Flexibility-driven distributed coordination for low-carbon operation of active distribution networks with multi-park integrated energy systems

Park-level integrated energy systems (P-IESs) host substantial dispatchable demand-side resources, serving as a crucial source of operational flexibility for the active distribution network (ADN) to facilitate the deep integration of high-penetration renewable energy. However, this capability is constrained by dual barriers: the lack of frameworks and incentives to value flexibility, along with inherent physical network constraints that restrict coordination, which jointly erode system economy and renewable hosting capacity. To address these challenges, this paper develops a demand-side flexibility-driven distributed coordination framework aimed at enabling the low-carbon operation of an ADN with multiple P-IESs.
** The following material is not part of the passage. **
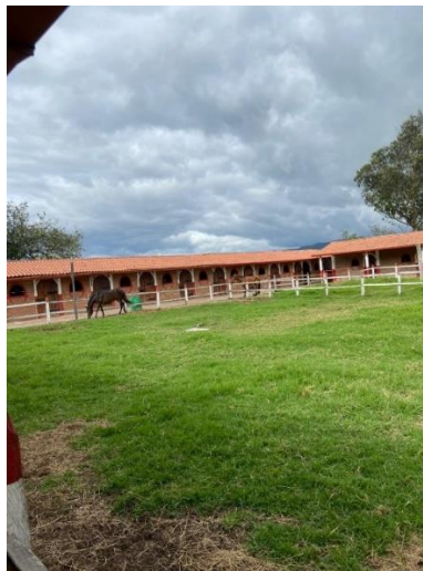
Imagen 9. Zona verde delimitada como espacio abierto para yeguas junto a sus potros con una amplia distancia de la zona de cuarentena y el desembarcadero. (Córdoba, 2024)

First, a three-stage market-oriented mechanism is designed, integrating pre-dispatch, flexibility assessment, and dynamic pricing to quantify and valorize the underutilized flexibility within P-IESs. Second, a hybrid-switch coordinated reconfiguration strategy is developed to overcome the topological rigidities of the ADN by synergistically controlling energy storage-embedded soft open points with traditional tie switches for dynamic grid reconfiguration. Finally, an enhanced alternating direction method of multipliers (ADMM) is proposed, featuring a logarithmic adaptive penalty and half-step dual update to deliver superior computational efficiency and solution fidelity. Case studies demonstrate that the proposed framework yields simultaneous reductions in operational cost and carbon emissions while boosting renewable energy penetration, confirming its practical efficacy for low-carbon grid operation.